Several simulation methods are implemented in phytools. These include Brownian motion simulation under various conditions (fastBM), simulation of discrete character evolution (sim.history), simulation of stochastic character maps (make.simmap) and simulation of multiple evolutionary rates (sim.rates), among other functionality (Table 1).

Phylogenetic Inference

A few different phylogenetic inference procedures are implemented in the phytools package. These functions are, in general, highly dependent on calculations and algorithms in the phangorn library of Schliep (2011). Some of the functionality includes matrix representation parsimony supertree estimation (mrp.supertree) and least-squares phylogeny inference (optim.phylo.ls; Table 1).

Graphical Methods

Several graphical methods are implemented in phytools. Among these are projection of a tree into bivariate morphospace (phylomorphospace; Fig. 1), plotting stochastic character maps and histories (plotSimmap), lineage through time plotting with extinct lineages (ltt), animation of Brownian motion and speciation (branching.diffusion), and other functions (Table 1).

Utility Functions

In addition to the aforesaid scientific functions, phytools also includes a number of utility functions for phylogeny input, output and manipulation. These are meant to supplement and complement the existing diverse array of utility functions in the ape and phangorn packages. Several of these functions are listed in Table 1.

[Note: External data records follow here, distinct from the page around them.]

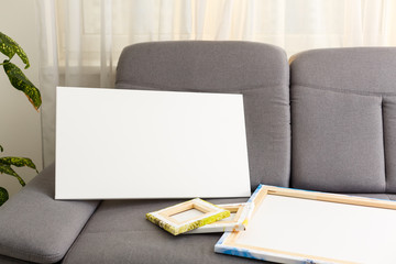 Canvas print. Hand holds a photo with gallery wrap method of canvas stretching on stretcher bar. Sample of stretched color photograph printed on canvas, lateral side, closeup.
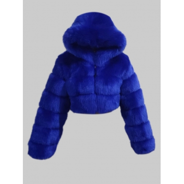 Lovely Casual Hooded Collar Zipper Design Sapphir Faux Fur
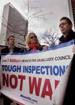 這份包括60萬美國人的簽名請愿書呼吁聯(lián)合國安理會繼續(xù)對伊拉克進行武器核查以避免戰(zhàn)爭。名叫“蠃得勝利,不用戰(zhàn)爭”的聯(lián)合會表示,他們希望通過這些安理會常任理事國代表向各自國家政府傳遞這樣一個信息:薩達姆·侯賽因可以在避免戰(zhàn)爭的情況下被監(jiān)督。他們這么做,旨在為聯(lián)合國核查人員爭取必要的時間以完成自己的職責(zé),而并不是請求什么不可實現(xiàn)的東西。
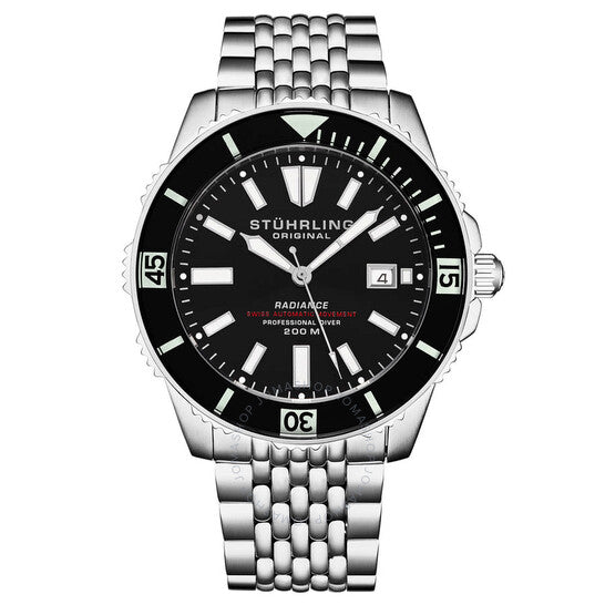 علبة وسوار من الفولاذ المقاوم للصدأ فضي اللون. إطار دوار أحادي الاتجاه من الفولاذ المقاوم للصدأ أسود اللون. ميناء أسود بعقارب وعلامات ساعات فضية اللون. علامات دقائق حول الحافة الخارجية. نوع الميناء: تناظري. عقارب وعلامات مضيئة. عرض التاريخ عند موضع الساعة 3. حركة أوتوماتيكية. زجاج معدني مقاوم للخدش. تاج لولبي. غطاء خلفي صلب. شكل العلبة دائري، مقاس العلبة: 43 مم، سمكها: 14 مم. عرض السوار: 22 مم، طوله: 7.5 بوصة. مشبك قابل للطي مع مفتاح أمان. مقاومة للماء حتى عمق 200 متر / 660 قدمًا. الوظائف: التاريخ، الساعة، الدقائق، الثواني. سلسلة ديبث ماستر. طراز ساعة الغوص. ساعة ستوهرلينغ الأصلية ديبث ماستر أوتوماتيكية للرجال بمينا أسود M16935.
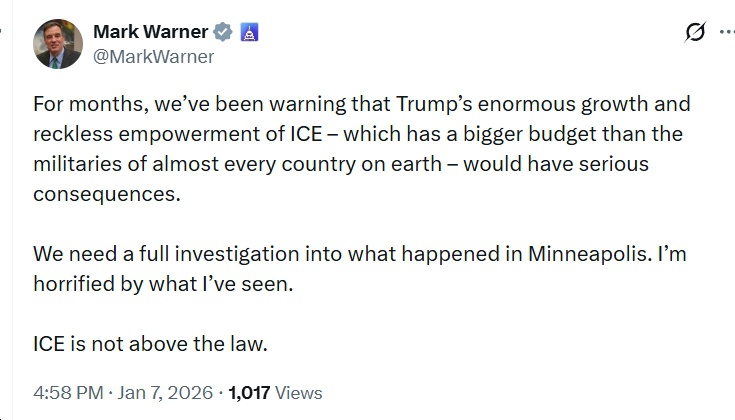 - Sen. Mark Warner: “For months, we’ve been warning that Trump’s enormous growth and reckless empowerment of ICE – which has a bigger budget than the militaries of almost every country on earth – would have serious consequences. We need a full investigation into what happened in Minneapolis. I’m horrified by what I’ve seen. ICE is not above the law.” (This statement gets a B minus…should note that “what happened in Minneapolis” was murder, and also call for the murderer to be arrested)
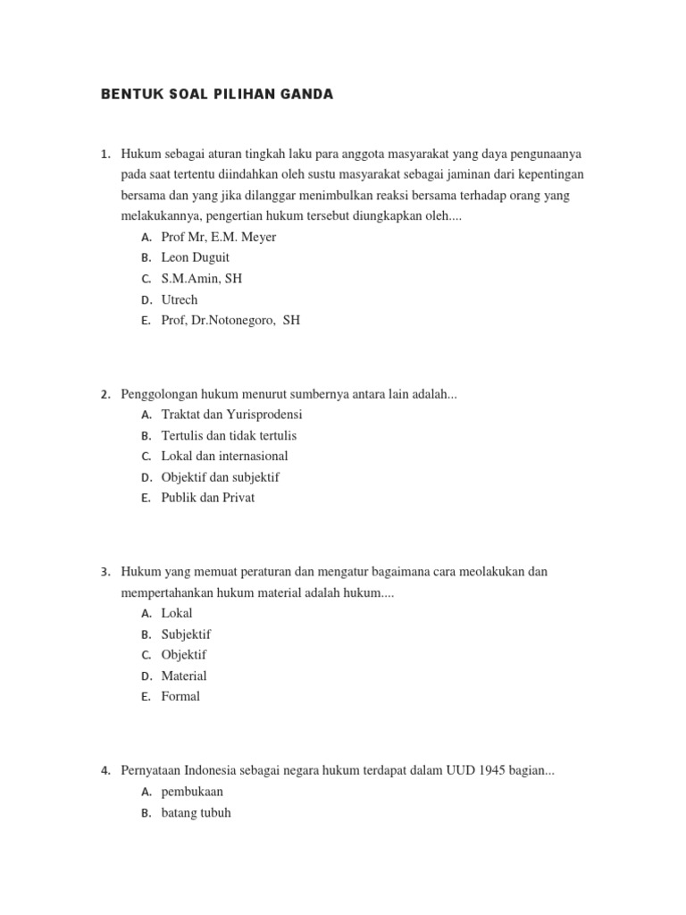Contoh soal pilihan ganda dan jawaban tentang perlindungan dan penegakan hukum di indonesia. Maybe you would like to learn more about one of these? We did not find results for: Check spelling or type a new query.
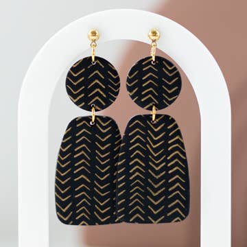 • Color: Noir • Lightweight premium Black Leather + Gold Plated Brass • Size: 2.5" L x .80" W (including hardware) • Nickel-free hypoallergenic stainless steel gold plated hooks • Handmade in the Midwest

Example 1: Detecting the Location of a Rate Shift

In this example, I first simulate a stochastic pure-birth phylogeny; next, I simulate evolutionary change for a single continuously valued character on the phylogeny under two different evolutionary rates in different parts of the tree; I analyse the tree and data using the Bayesian MCMC method for identifying the location of a shift in the evolutionary rate over time (Revell et al. in press); finally, I analyse the MCMC results to estimate the location of the shift and the evolutionary rates tipward and rootward of this point.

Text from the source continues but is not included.